Collected data:
^^^^

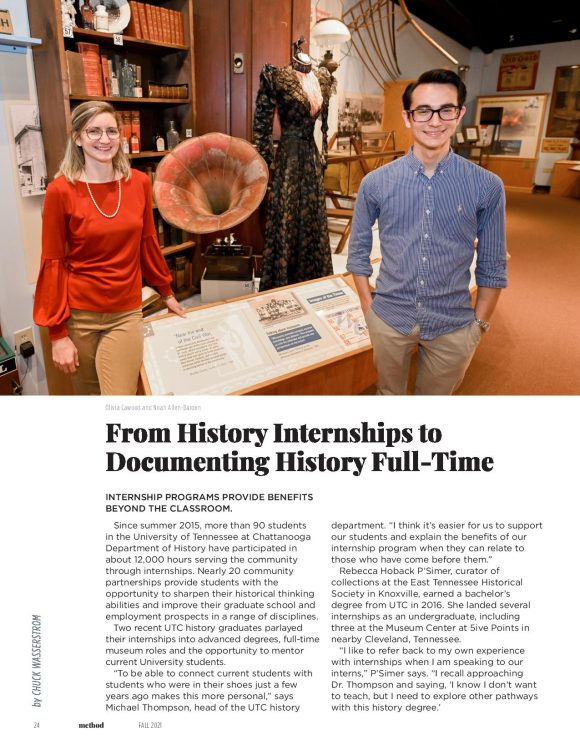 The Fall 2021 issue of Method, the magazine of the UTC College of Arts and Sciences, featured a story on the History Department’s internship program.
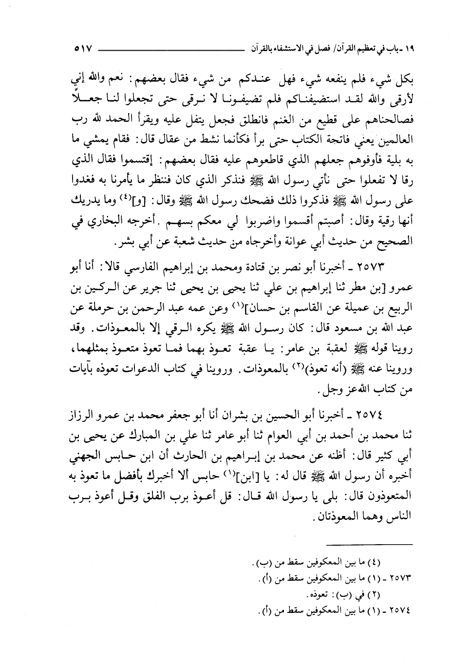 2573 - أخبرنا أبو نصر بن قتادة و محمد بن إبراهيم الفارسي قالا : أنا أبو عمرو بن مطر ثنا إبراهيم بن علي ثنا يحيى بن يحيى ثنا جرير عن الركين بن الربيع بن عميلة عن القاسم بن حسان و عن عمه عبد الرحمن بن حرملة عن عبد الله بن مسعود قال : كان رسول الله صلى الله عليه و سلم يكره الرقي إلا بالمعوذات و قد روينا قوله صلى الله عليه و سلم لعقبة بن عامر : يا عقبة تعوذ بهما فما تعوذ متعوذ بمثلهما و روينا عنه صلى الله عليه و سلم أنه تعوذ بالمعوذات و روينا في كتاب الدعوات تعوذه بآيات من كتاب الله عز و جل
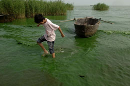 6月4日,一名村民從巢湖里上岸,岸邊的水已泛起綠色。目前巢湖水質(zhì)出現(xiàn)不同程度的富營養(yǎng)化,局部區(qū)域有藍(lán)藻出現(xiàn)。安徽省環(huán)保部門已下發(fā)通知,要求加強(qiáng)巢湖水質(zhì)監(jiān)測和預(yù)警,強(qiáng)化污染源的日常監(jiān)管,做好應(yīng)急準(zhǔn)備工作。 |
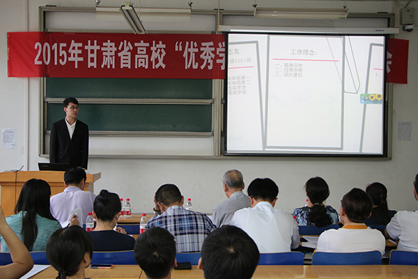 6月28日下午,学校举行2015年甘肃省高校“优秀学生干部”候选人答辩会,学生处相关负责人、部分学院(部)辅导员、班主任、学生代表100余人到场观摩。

^^^^

What is needed: Leaving the pictures out, transcribe word for word the lines from the one with "6月4日,一名村民從巢湖里上" to the end of the material above, inclusive, and nothing else.

Response:
 6月4日,一名村民從巢湖里上岸,岸邊的水已泛起綠色。目前巢湖水質(zhì)出現(xiàn)不同程度的富營養(yǎng)化,局部區(qū)域有藍(lán)藻出現(xiàn)。安徽省環(huán)保部門已下發(fā)通知,要求加強(qiáng)巢湖水質(zhì)監(jiān)測和預(yù)警,強(qiáng)化污染源的日常監(jiān)管,做好應(yīng)急準(zhǔn)備工作。 |
 6月28日下午,学校举行2015年甘肃省高校“优秀学生干部”候选人答辩会,学生处相关负责人、部分学院(部)辅导员、班主任、学生代表100余人到场观摩。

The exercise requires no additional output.